• _WORK REQUIRED_
Print every line below exactly as written, but leave the pictures behind.

─── DATA BELOW

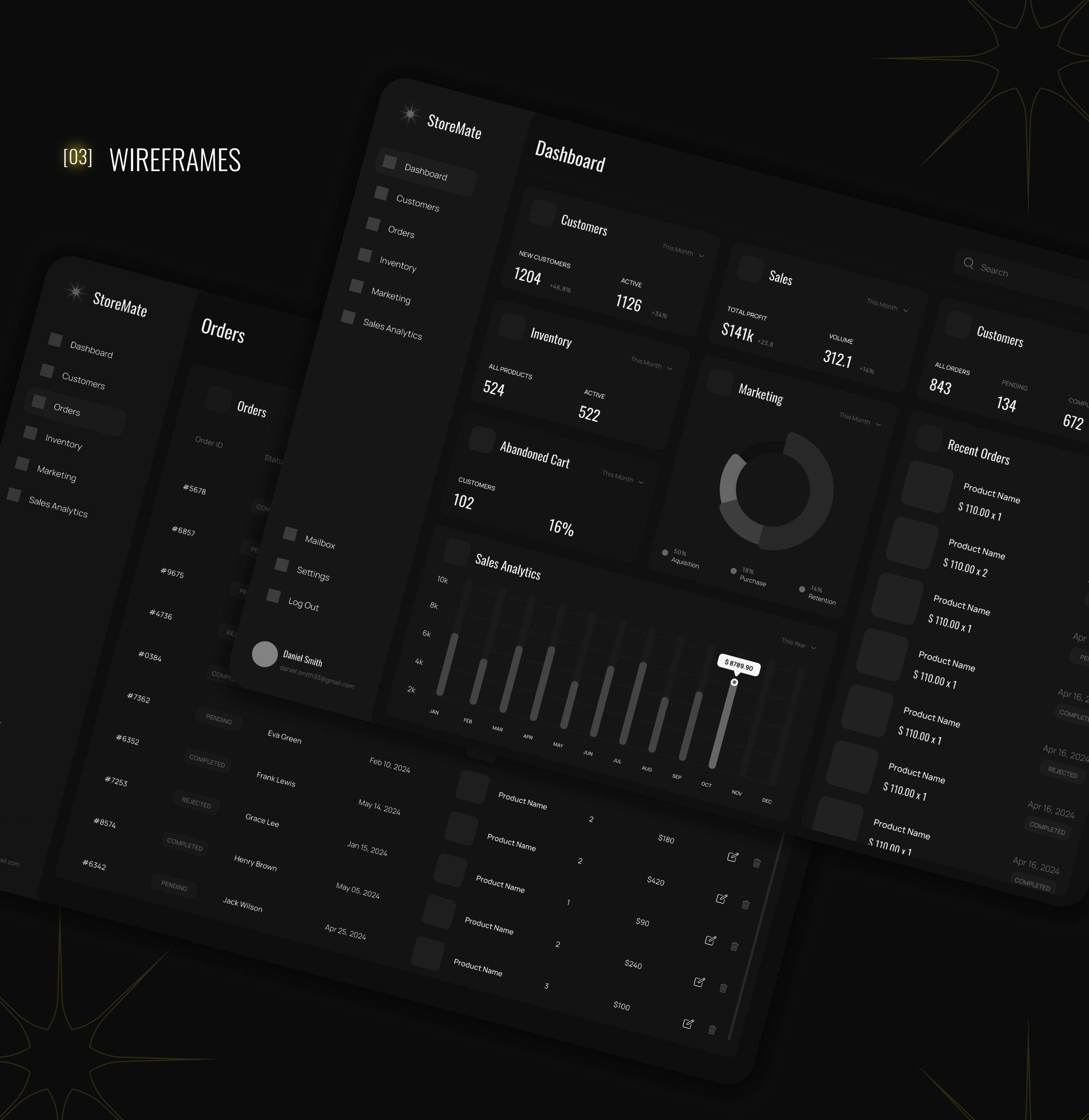 Our team created wireframes that mapped out clear user flows, followed by a comprehensive UI kit and style guide to ensure design consistency. The UI design focused on simplicity and ease of navigation, aiming to improve efficiency for users managing customers, inventory, and sales data.
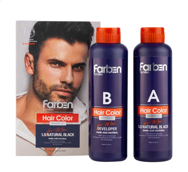 شامپو رنگ مو مردانه دو قلوی فاربن در عرض ده دقیقه با موهای سفید خود خداحافظی کنید شماره رنگ 1.0 مشکی مدت زمان ماندگاری 18 شستشو پوشش 100% موهای سفید
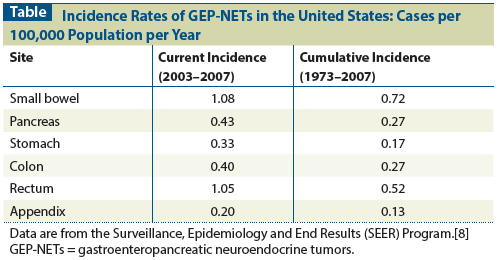 Table: Incidence Rates of GEP-NETs in the United States: Cases per 100,000 Population per Year
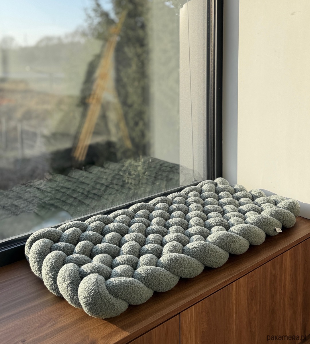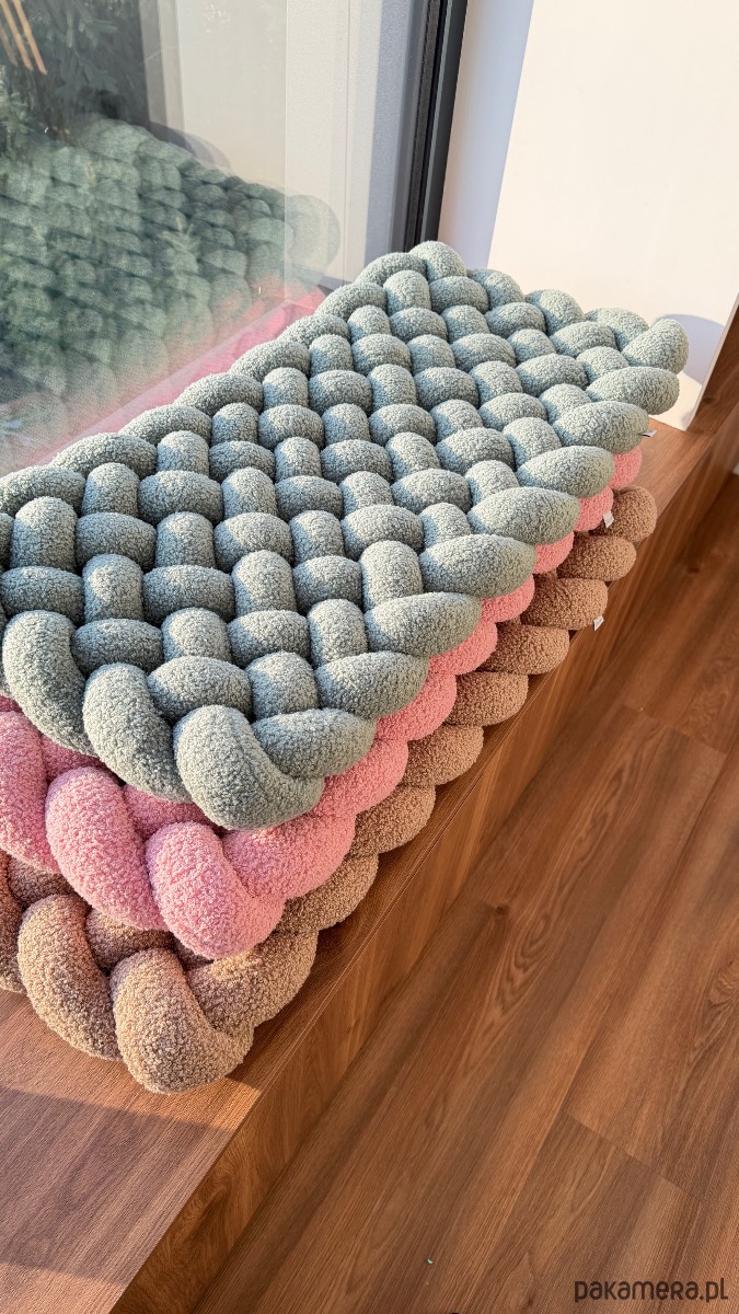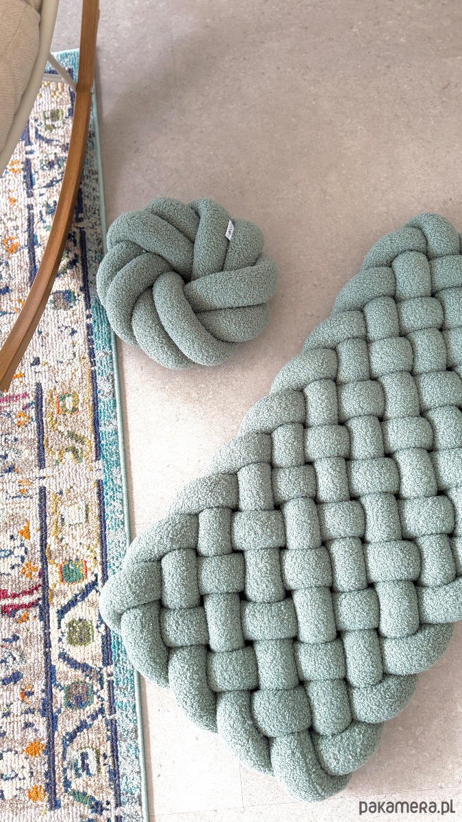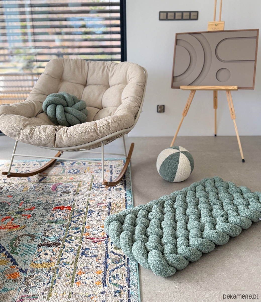 Pleciona mata podłogowa - boucle szałwiowa to miękka i funkcjonalna mata do pokoju dziecka, która sprawdzi się również jako mata na parapet lub dywan do zabawy.

──────

• _COMPLETED TASK_
 Our team created wireframes that mapped out clear user flows, followed by a comprehensive UI kit and style guide to ensure design consistency. The UI design focused on simplicity and ease of navigation, aiming to improve efficiency for users managing customers, inventory, and sales data.
 شامپو رنگ مو مردانه دو قلوی فاربن در عرض ده دقیقه با موهای سفید خود خداحافظی کنید شماره رنگ 1.0 مشکی مدت زمان ماندگاری 18 شستشو پوشش 100% موهای سفید
 Table: Incidence Rates of GEP-NETs in the United States: Cases per 100,000 Population per Year
 Pleciona mata podłogowa - boucle szałwiowa to miękka i funkcjonalna mata do pokoju dziecka, która sprawdzi się również jako mata na parapet lub dywan do zabawy.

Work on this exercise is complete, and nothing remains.